Dataset content:
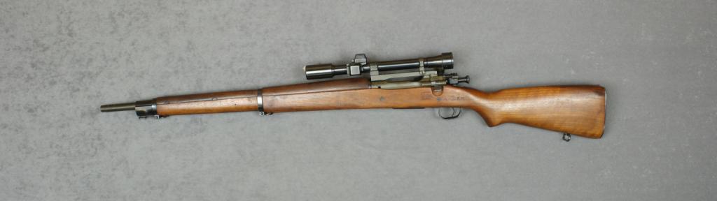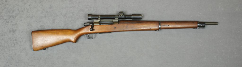 U.S. Remington Model 03-A3 bolt-action sniper rifle with M84 scope on Redfield base, .30-06 cal., 24” barrel dated “8-43”, offset receiver markings which is correct for a sniper rifle, parkerized finish, wood stock,#3420112. This gun is in overall fine to excellent condition showing the majority of its military finish, fine bore, crisp action, sharp markings, excellent wood stock with circle P proof at semi-pistol grip, leftside of stock also inspected “BA-HBA” in rectangle, “RA”, crossed cannons and “JFA”; fine optics on scope, sling swivels present. Est.: $2,000-$4,000.
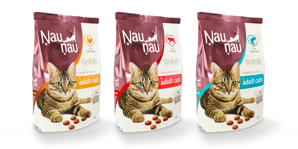 Complete dry food for cats with chicken, beef and salmon
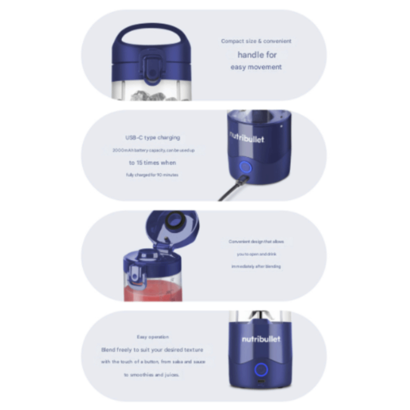 NUTRIBULLET Daily Mini Cordless Blender 5 Colors | Portable Wireless Juicer Bottle for Smoothies & Shakes

What you are asked to do:
From the first line to the last, please copy the data exactly, with the pictures left out.

Output for this exercise:
 U.S. Remington Model 03-A3 bolt-action sniper rifle with M84 scope on Redfield base, .30-06 cal., 24” barrel dated “8-43”, offset receiver markings which is correct for a sniper rifle, parkerized finish, wood stock,#3420112. This gun is in overall fine to excellent condition showing the majority of its military finish, fine bore, crisp action, sharp markings, excellent wood stock with circle P proof at semi-pistol grip, leftside of stock also inspected “BA-HBA” in rectangle, “RA”, crossed cannons and “JFA”; fine optics on scope, sling swivels present. Est.: $2,000-$4,000.
 Complete dry food for cats with chicken, beef and salmon
 NUTRIBULLET Daily Mini Cordless Blender 5 Colors | Portable Wireless Juicer Bottle for Smoothies & Shakes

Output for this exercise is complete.